| Task to complete |
Beneath this task are the entries; from the line with "The image displays" through the last one, transcribe every line exactly and nothing else, skipping pictures.

Stored entries:
►

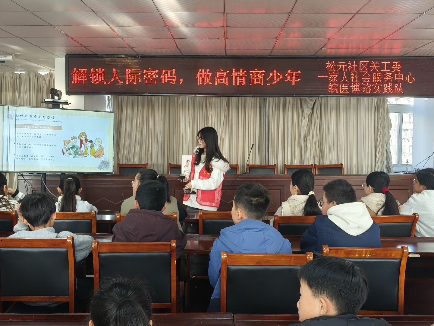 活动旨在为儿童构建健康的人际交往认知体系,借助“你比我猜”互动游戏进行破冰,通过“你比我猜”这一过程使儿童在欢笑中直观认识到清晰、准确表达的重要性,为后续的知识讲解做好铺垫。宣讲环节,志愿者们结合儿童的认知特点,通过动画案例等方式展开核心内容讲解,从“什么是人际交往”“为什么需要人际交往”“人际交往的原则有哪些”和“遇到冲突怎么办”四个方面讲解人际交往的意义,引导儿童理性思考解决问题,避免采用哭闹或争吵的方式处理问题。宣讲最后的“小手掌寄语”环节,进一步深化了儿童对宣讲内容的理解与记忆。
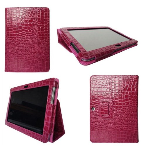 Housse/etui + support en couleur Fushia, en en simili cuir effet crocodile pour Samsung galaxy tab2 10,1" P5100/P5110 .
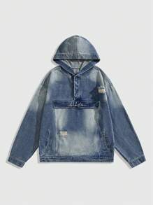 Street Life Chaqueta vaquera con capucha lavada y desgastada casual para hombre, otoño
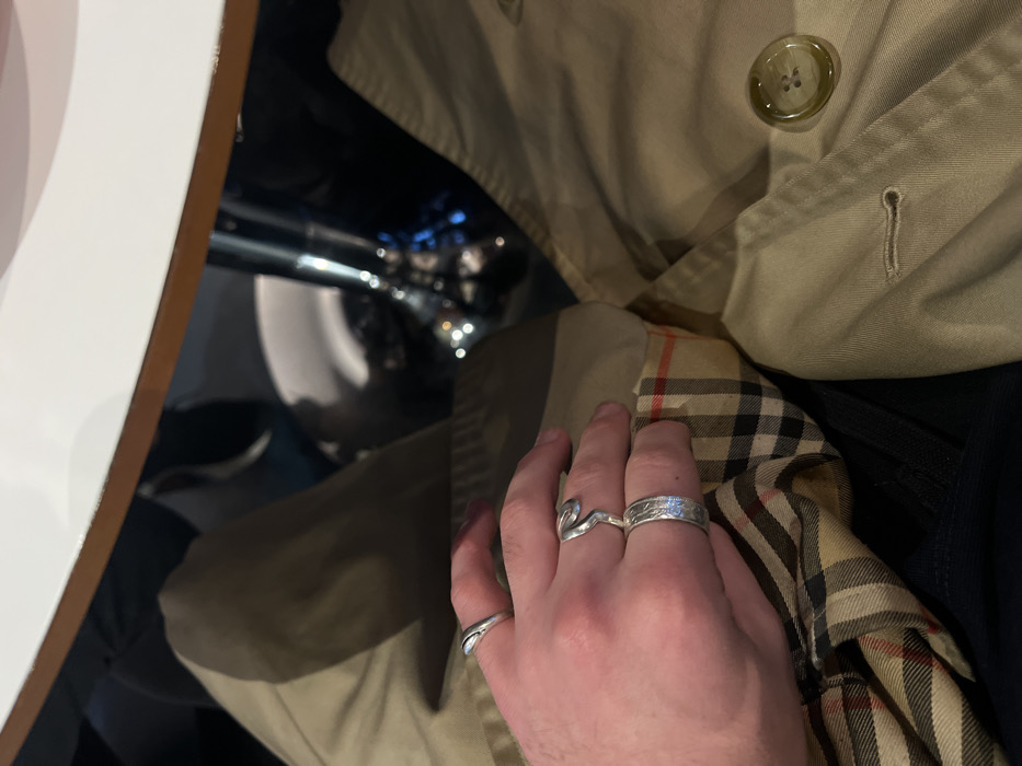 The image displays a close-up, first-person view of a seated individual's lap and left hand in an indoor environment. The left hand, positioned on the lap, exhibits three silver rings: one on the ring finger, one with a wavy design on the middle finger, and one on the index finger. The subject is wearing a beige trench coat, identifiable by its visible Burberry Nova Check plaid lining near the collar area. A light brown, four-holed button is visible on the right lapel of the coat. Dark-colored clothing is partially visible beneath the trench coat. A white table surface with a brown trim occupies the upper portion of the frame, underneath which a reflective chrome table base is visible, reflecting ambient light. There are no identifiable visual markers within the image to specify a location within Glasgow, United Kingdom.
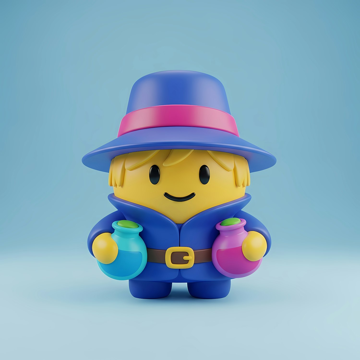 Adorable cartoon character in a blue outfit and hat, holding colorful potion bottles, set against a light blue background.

◄

| Response area |
 The image displays a close-up, first-person view of a seated individual's lap and left hand in an indoor environment. The left hand, positioned on the lap, exhibits three silver rings: one on the ring finger, one with a wavy design on the middle finger, and one on the index finger. The subject is wearing a beige trench coat, identifiable by its visible Burberry Nova Check plaid lining near the collar area. A light brown, four-holed button is visible on the right lapel of the coat. Dark-colored clothing is partially visible beneath the trench coat. A white table surface with a brown trim occupies the upper portion of the frame, underneath which a reflective chrome table base is visible, reflecting ambient light. There are no identifiable visual markers within the image to specify a location within Glasgow, United Kingdom.
 Adorable cartoon character in a blue outfit and hat, holding colorful potion bottles, set against a light blue background.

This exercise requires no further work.